Anhand der Erfahrungen wird die Anbindung weiterer Datenquellen einfacher sein. Der DSR ist dabei kein abgekapseltes System, sondern eine Plattform, die als eine Art Datendrehscheibe fungiert: „Alle Daten, auf die wir jetzt Zugriff haben und für Kennzahlenwerte heranziehen, gelten als plausibilisiert und für den ganzen Konzern gültig", sagt Christopher Muth. Diese konsolidierten Daten werden außerdem nicht nur im DSR angezeigt, sondern sie werden auch für andere Anwendungen aufbereitet und zur Verfügung gestellt.

Ein ausgezeichnetes Projekt

„Wir haben es geschafft, in einem komplexen Konzern eine Steuerungsplattform über die heterogene Datenwelt aufzubauen - und diese Daten nebeneinander darzustellen und gleichzeitig in sich konsistent aufzubereiten. Das ist etwas ganz Besonderes, was bisher keiner geschafft hat", sagt Hendric Fiege - nicht ohne Stolz, schließlich wurde das DSR-Projekt kürzlich für die „Wegweisende Architektur" mit dem BARC-Award ausgezeichnet. Das Business Application Research Center prämiert einmal im Jahr Unternehmenslösungen. Der Award gilt im Bereich Entwicklung als einer der renommiertesten Preise. „Das ist quasi der Oscar für Business-Intelligence-Lösungen", erklärt Hendric Fiege.

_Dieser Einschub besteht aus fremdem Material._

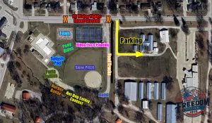 Parking for the event will be at the Cass County Fairgrounds. The parking areas for the pool and splash pad will be blocked off for the entire day. A map with details on parking and event locations is posted below.

Es ist die Belohnung für die Verwirklichung eines zukunftsweisenden Projekts. Denn der Digital Situation Room erschafft eine „einzige Quelle der Wahrheit" (Single Source of Truth) für alle Performance-Daten im Konzern und integriert bestehende und geplante Werkzeuge. Mehr noch: Der DSR ist ein Paradebeispiel für den kulturellen Wandel des Konzerns, denn es wird damit einerseits ein offener Umgang mit Daten vorangetrieben und andererseits die bereichsübergreifende Zusammenarbeit verbessert. Hierdurch wird einerseits ermöglicht, dass Konzernmitarbeiter ohne großes IT-Know-How Daten verstehen. Andererseits wird vor allem die Kunden- und Qualitätsorientierung aktiv unterstützt.